Listed below are this week’s tales:
Claude Expertise used to execute ransomware
Cato Networks has used Expertise, a brand new function for Anthropic’s Claude AI assistant, to execute ransomware in a managed surroundings. Antrophic says the code execution performance works as supposed for Expertise. Cato argues that legit Expertise could possibly be weaponized by way of minor adjustments, and that they will propagate by public repositories and social engineering. Nonetheless, the safety agency admits that Claude shows clear approval prompts to the person.

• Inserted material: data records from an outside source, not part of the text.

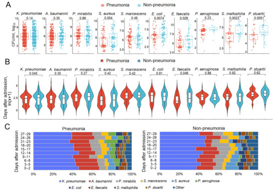 The titer and dynamics of pathogens in the presence or absence of disease are illustrated using respiratory samples from pneumonia/non-pneumonia patients (Figure 4). The titer of pathogens in respiratory samples from patients with pneumonia was the same or even lower (E. coli, S. maltophilia, and P. stuartii) than that in patients without pneumonia (Figure 4A). The dynamics of the pathogens did not differ between the patient groups (Figure 4B). The violin plots for the temporal patterns generally show similar density peaks (a higher number of pathogen isolates) and troughs in each pathogen distribution over the study period in both patient groups. Some differences can be observed in the P. aeruginosa violin plot, with the opposite directionality of the peaks. Patients with pneumonia had a delayed peak compared to patients without pneumonia, who had an early peak followed by a gradual decline. This reflects the potential differences in P. aeruginosa colonization and infection rates between the groups. Figure 4C shows that the patterns of pathogen dynamics were largely similar in the compared patient groups; however, in the group without pneumonia, the relatively small contribution of P. aeruginosa to the microbial community tended to become infinitesimal over time.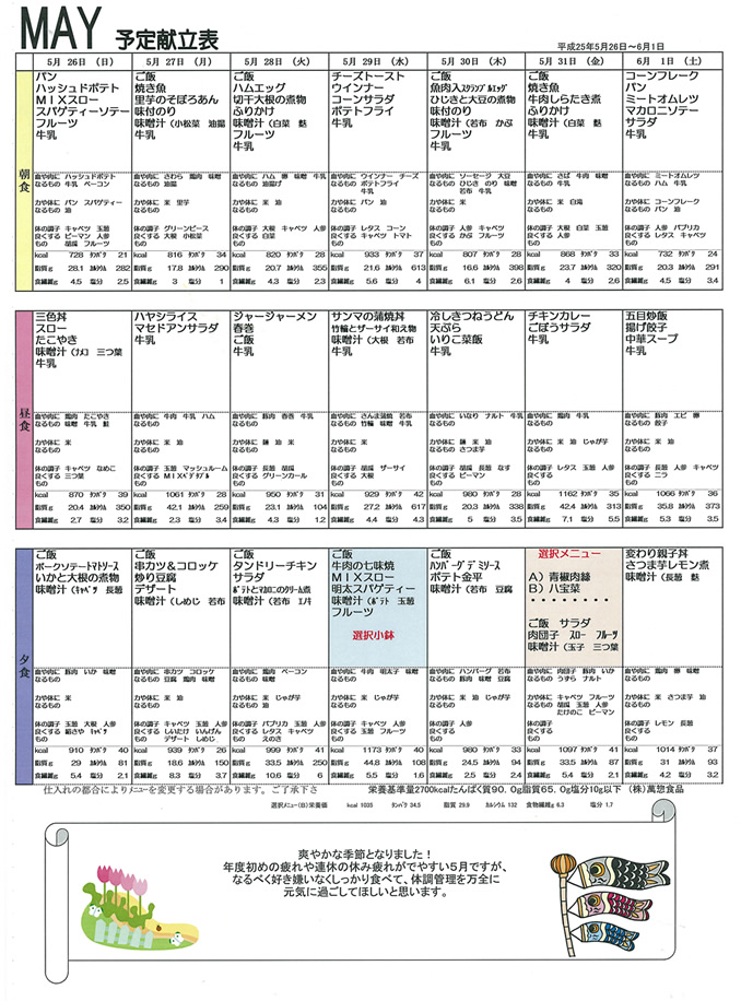 予定献立表|2013- 05/31~06/01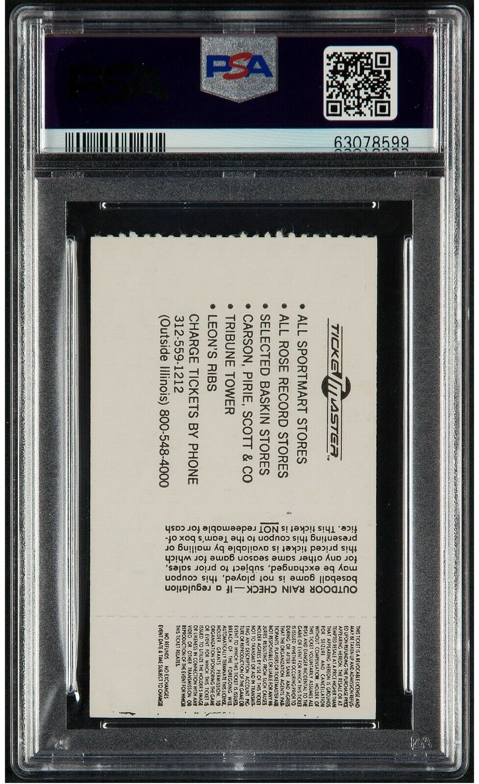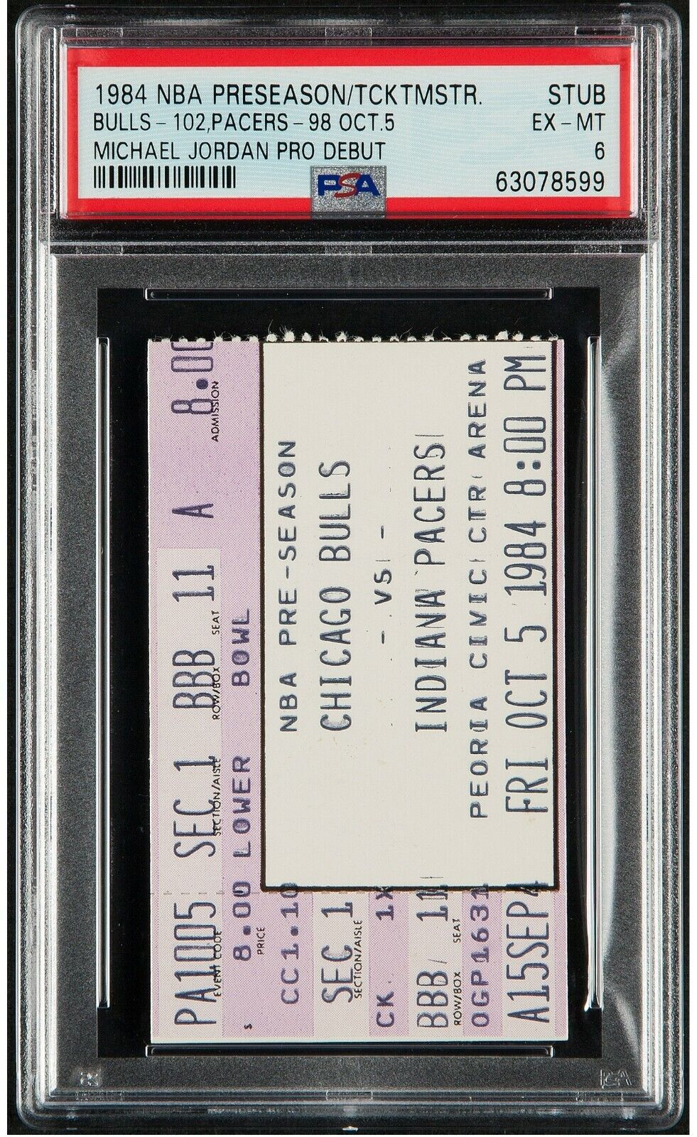 On October 5, 1984, NBA fans got their very first look at a budding legend, as the Michael Jordan era of the Chicago Bulls began. Jordan would immediately make his presence known, scoring eighteen points in twenty-nine minutes to lead his team to a 102-98 victory at the Peoria (IL) Civic Center Arena. Just five stubs from this preseason contest marking the professional debut of the sport's greatest star appear in the PSA population report, and this one stands alone at the top, two points superior to the next finest example as of the time this text is written. Jordan tickets have been the hottest market in the hobby. Encapsulated by PSA, EX-MT 6.

Array vulnerability exploited within the wild
Japan’s JPCERT/CC has warned {that a} vulnerability affecting Array Networks’ AG safe entry gateways has been exploited in assaults. The flaw, a command injection concern that doesn’t have a CVE identifier, was patched in Could 2025 with the discharge of ArrayOS AG 9.4.5.9. JPCERT has discovered proof that the vulnerability has been exploited in opposition to customers in Japan since August 2025. The impacted product is prevalent in Asia. Commercial. Scroll to proceed studying.
North Korea suspected of $30 million Upbit cryptocurrency heist
Upbit, a significant South Korea-based cryptocurrency change, lately had roughly $30 million of cryptocurrency stolen. The heist is believed to be the work of the North Korean hacking group Lazarus. Again in 2019, hackers stole $49 million price of Ethereum from Upbit.
Akamai patches HTTP request smuggling vulnerability
Akamai introduced this week that it lately patched a vulnerability tracked as CVE-2025-66373 that might have uncovered prospects to HTTP request smuggling assaults. A majority of these assaults can usually be leveraged to steal credentials or different delicate information, and to redirect customers to arbitrary web sites. HTTP request smuggling makes headlines each few years as a consequence of its probably vital influence.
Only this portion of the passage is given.